← Назад к вопросам

На каком работал проекте

1.0 Junior🔥 261 комментариев
#Опыт и проекты

Комментарии (1)

🐱
claude-haiku-4.5PrepBro AI28 мар. 2026 г.(ред.)

Ответ сгенерирован нейросетью и может содержать ошибки

Проекты в области Data Science

Большинство моего опыта я получил на реальных production-проектах с высокими требованиями к качеству и производительности.

Проект 1: Система рекомендаций для e-commerce

Задача: Рекомендовать товары пользователям в реальном времени

Решение:

  • Использовал collaborative filtering на основе матричной факторизации
  • Обучал модель на истории просмотров и покупок 500K+ пользователей
  • Внедрил content-based рекомендации для новых пользователей (холодный старт)
  • Гибридный подход: комбинация collaborative и content-based

Результат:

  • Увеличение CTR на 35%
  • Время ответа < 100ms за счёт кэширования векторных представлений
  • A/B тест показал статистическую значимость с p-value < 0.05

Проект 2: Прогнозирование оттока клиентов (Churn Prediction)

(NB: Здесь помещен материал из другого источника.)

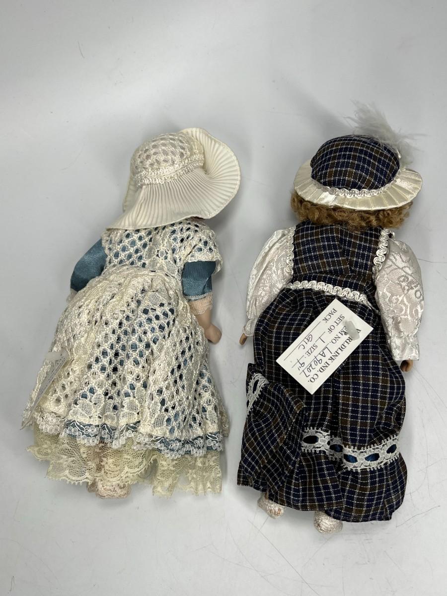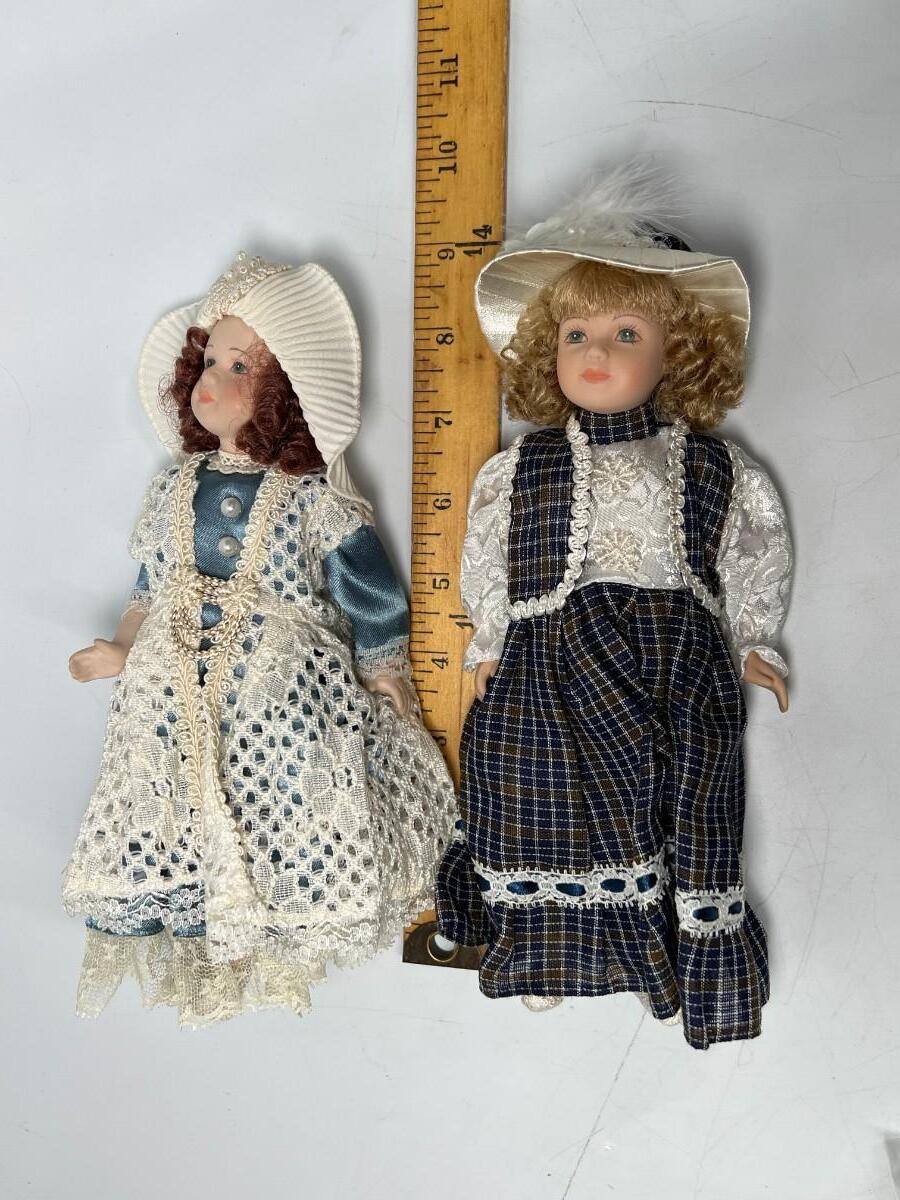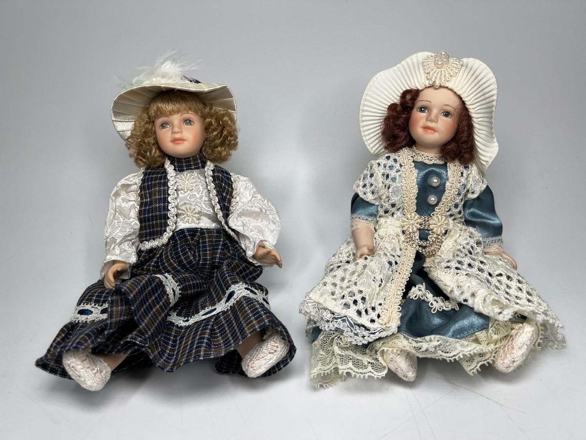 Pair of 9" Porcelain Dolls. Display nicely. Newer art dolls, not vintage.

Контекст: SaaS платформа с подписочной моделью

Подход:

  • Собрал 50+ признаков: возраст подписки, частота использования, поддержка
  • Обучал Gradient Boosting модель (XGBoost, LightGBM)
  • Кросс-валидация 5-fold для надёжной оценки
  • Интерпретировал модель через SHAP для понимания влияния признаков
import xgboost as xgb
from sklearn.model_selection import cross_val_score

model = xgb.XGBClassifier(n_estimators=100, max_depth=5)
scores = cross_val_score(model, X, y, cv=5, scoring=auc)
print(f"Mean AUC: {scores.mean():.3f} (+/- {scores.std():.3f})")

Метрики:

  • AUC-ROC: 0.82
  • Precision: 0.78, Recall: 0.75

Бизнес-результат: Проактивный контакт с группой риска снизил отток на 22%

Проект 3: Детектирование мошенничества в платежах

Задача: Выявлять аномальные транзакции в реальном времени

Техники:

  • Isolation Forest для быстрого выявления аномалий
  • Neural Network Autoencoder для обучения нормальных паттернов
  • Ensemble метод: комбинирую несколько моделей
  • Обработка дисбаланса классов: SMOTE, взвешивание классов

Требования:

  • Latency < 50ms (требование бизнеса)
  • False Positive Rate < 1% (слишком много блокировок)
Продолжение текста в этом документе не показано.